Now some of them wanted to take Him .....   (Jn 7:43)

.... and kill Him. And He, that He might display the beauty of Divine descent and humility and lowliness, was beaten and stripped of every vestige of any kind of covering. No, there was no loin cloth, for utter abasement was the goal of the Crucifixion, that He might descend to the final and utmost humiliation.

"Greater love has no one than this," Jesus said, "than to lay down one's life for his friends." And who are His friends? The answer is disclosed in the Passion accounts of the Gospels: almost no one. He was the Friend, the abandoned and nearly alone and naked Friend and hanging on a Cross.

For God's Nature, as we contemplate the Trinity on this eighth Sunday after Easter, is love. Love is the stuff in which the Three Persons of God cohere. And a constituent element of this Divine Fellowship (as we have said) is human. That God should empty Himself (kenósis) of His Divinity in order to dwell with man (Phil 2:7) is a condescension too far to contemplate. That He should really and truly lay down His life for us is a condescension we shall never comprehend. And to admit us into the Holy Trinity, who are made of dust and fall far beneath the Triune God in every respect is a mind-bending condescension. Yet, as St. John Chrysostom has written, every thought of the Most High God that entertains lowly man is profoundly condescending, in profoundly humbling to Almighty God. He must stoop way down to commit this senseless act of love.

It follows that we who are created to be God are enjoined to choose for this Self-sacrificing love. It further follows that, should we decline to take up our crosses, which is the choice for His kind of love, we shall have no part in His Kingdom.

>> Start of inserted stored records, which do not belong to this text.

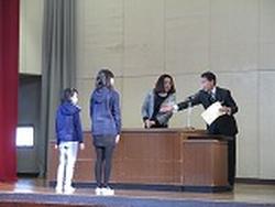 表彰は、4つ。1つめは、各学年の子どもたちの中から選ばれた感想文の代表者、2つめは、低学年、高学年のそれぞれの作文の代表者の表彰。どちらも国語科からです。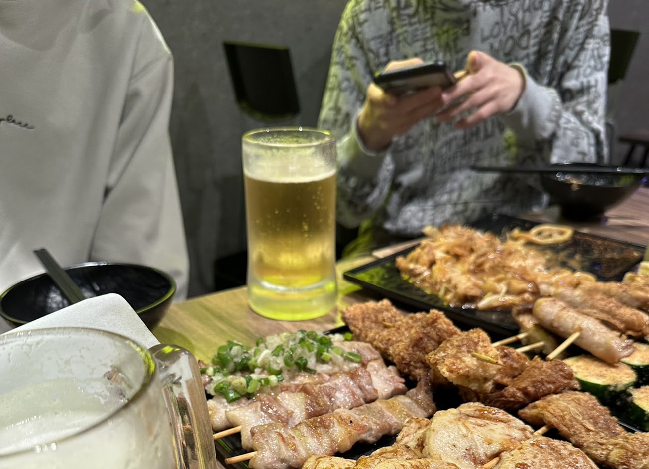 串在一起位在捷運忠孝復興站附近的巷子裡,交通便利 氣氛放鬆 價格平實,店內裝潢簡單乾淨,座位規劃也不會太擁擠,蠻舒適的,主打平價串燒生啤~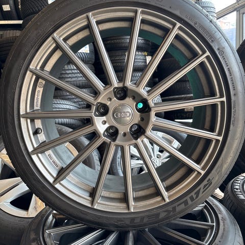 Sæt med 4 stk. ægte Audi alufælge i størrelse 20” med Goodyear Eagle F1 265/35 dæk. Brugt, men rigtig velholdt – kun lette brugsspor. Passer bl.a. til Audi A5 (2017–2023+), A6 (2018–2023+), A7 (2018–2023+), RS5, S6, RS6, S7, A8 og Q5 (2017–2023+). OEM 5x112 og ET29 – klar til montering. Dækkene er i god stand med fint mønster. Giver bilen et sporty og eksklusivt look. Klar til ny ejer!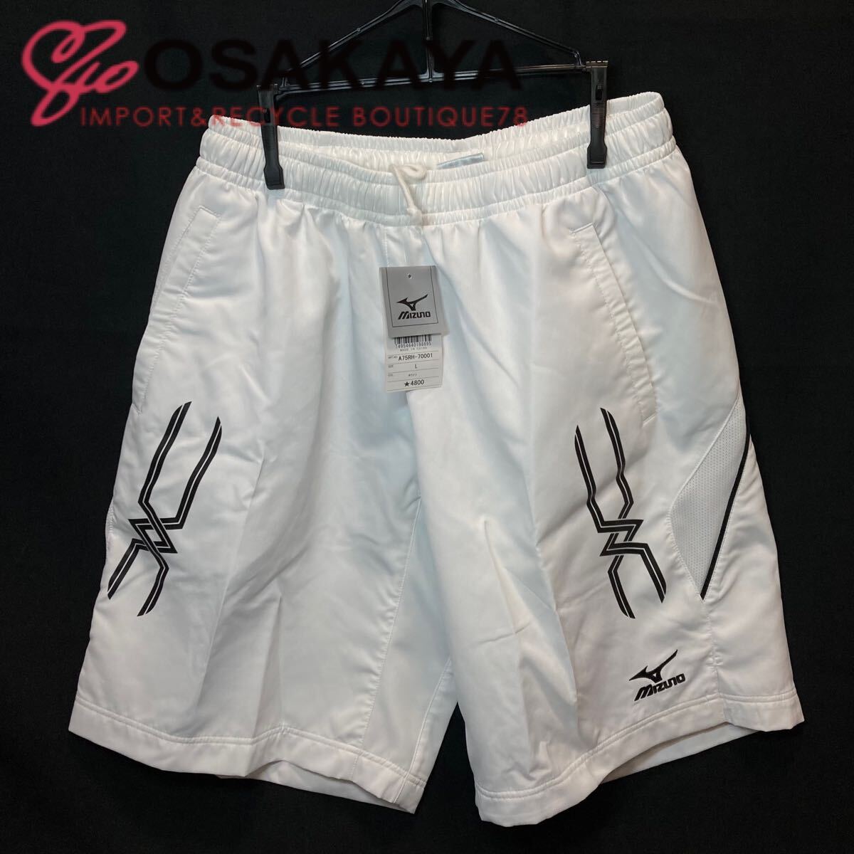> 新品未使用 MIZUNO A75RH-70001 ハーフ ショーツ パンツ L サイズ ホワイト プリント ユニセックス 陸上 テニス バド バスケ トレーニング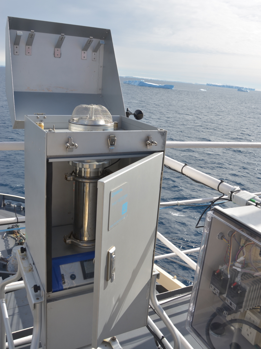 大気中に浮かぶ微粒子(我々は大気エアロゾルよ呼んでいます)を調べるために掃除機のように空気をたいさん吸引してフィルター上に集めます.そのフィルターは日本に持ち帰って調べたい成分がどのくらい含まれているか測定します.氷山が浮かぶ寒空の中,フィルターをセットして測定を開始しました.(小)
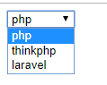 <select name="lag" id="lag"> <option value="0" selected>php</option> <option value="1">thinkphp</option> <option value="2">laravel</option> </select>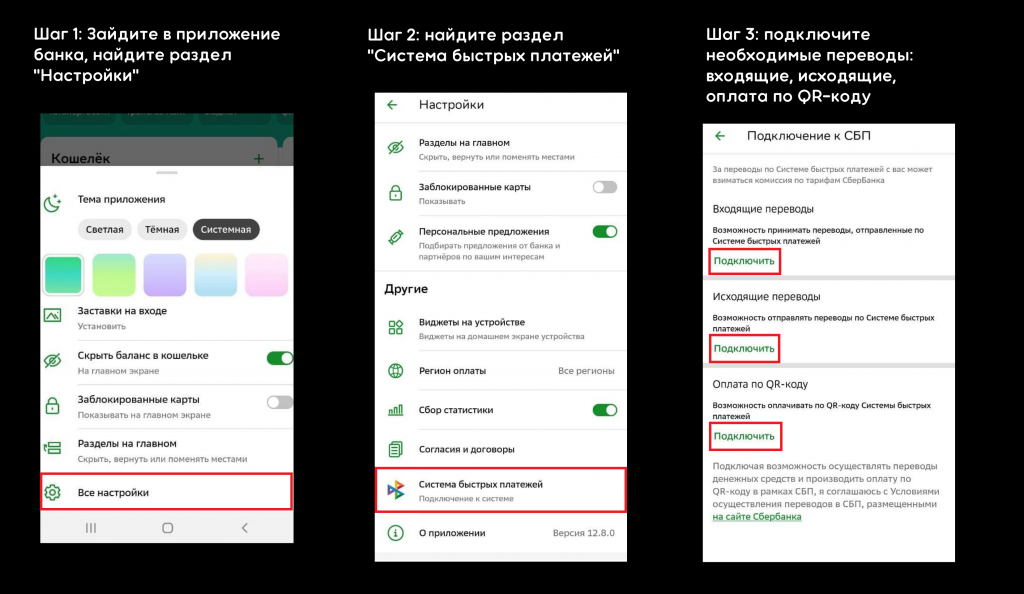 На сегодняшний день более 200 банков присоединились к Системе быстрых платежей. Как правило она уже автоматически подключена в мобильном приложении банка. Однако есть несколько банков, клиентам которых нужно подключить СБП — это Сбер и Россельхозбанк. Рассмотрим, как подключить СБП на примере Сбера.

But who among us will deny him- or herself? Who will sacrifice all they have? To be this person, we must first raise ourselves up to our full stature. We must claim our birthright as children of God. We must act out of our oúsios as Divine beings: this is the essence of Pentecost. For without God, we have no "angels of our better natures." We have only our animal desires and the so-called addictions (which is the medicalized word for possession) which completes our descent. Ironic that God should condescend to become human to show us the way to the Kingdom of Heaven and that we should choose instead to descend into further animality. It is devilish choice writ large upon our culture: of legalized drugs, legalized pornography, mainstreaming perversion, and everywhere treachery?

If One-ness with God is the reason we were born, then let us who embrace this most wonderful gift commemorate the foretaste of the Kingdom of Light, the Kingdom where, Jesus says, He and the Father are One. For the Holy Spirit, of His Own Nature, cannot but depart from stinking animality. We must first turn our hearts, cleansed by penitence, toward God and depart from a life ruled by our basest desires. This is the constant message of our Orthodox faith: to live lives of penitence, and with our eyes now opened see the Kingdom of God. In that instant we will be filled with power and blessing, which we commemorate on this great feast. And here is the intersection between Pentecost and Holy Trinity Sunday.

So exactly what is that power from on high? What is that rushing mighty Ruach from Heaven? It is the power of Divine love. For when God requires a shake-up to reorder our lives, instantly there will be a shake-up. For He dearly wishes that none should perish into a never-ending darkness and vacancy.

Let us, therefore, choose the Light. Let us choose Life with God. Let us embrace the God Who took on human form that He might be embraced. For in those arms we see that He is the Son of Man and the King of the Universe.

In the Name of the Father and of the Son and of the Holy Ghost.   Amen.